Next time someone's ripping on you for playing video games, either because they think you're too old or they consider it a waste of time, just tell them it's offsite job training.
Forbes published an article this week on how playing video games in moderation can help improve your overall job skills. According to John Hagel III, co-chairman of a tech-oriented strategy center for Deloitte, it's the gamers who put their best foot forward when they come to work everyday. "We're finding that the younger people coming into the teams who have had experience playing online games are the highest-level performers because they are constantly motivated to seek out the next challenge and grab on to performance metrics."
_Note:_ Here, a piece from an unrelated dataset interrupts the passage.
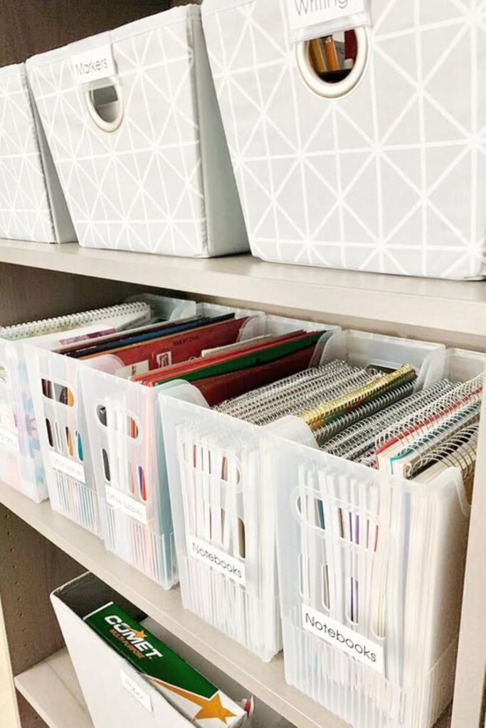 These open shelf bins make it easier to see and get to notebooks, folders, and papers by making obvious portions.

Motivation (for something other than high scores and achievements) is just one of the important job skills video games can help foster. In more in-depth games, such as role-playing games, gamers can observe effective persuasion and compromising techniques, or can put them into practice through games that have multiplayer capabilities. Players also learn how to react to change, make decisions and perhaps improvise when new scenarios and challenges arise. Sometimes, there can be a lot of trial and error involved in a game (real-time strategies, for example), but in the midst of it all, players can learn what works and what doesn't, and gain some insight from their mistakes. Unless you play video games for a living, gaming and work are totally different activities. But surprisingly, there's a lot of crossover in terms of the everyday real-life skills you use when playing the game.
So, who's brave enough to add their gaming accomplishments to their resume?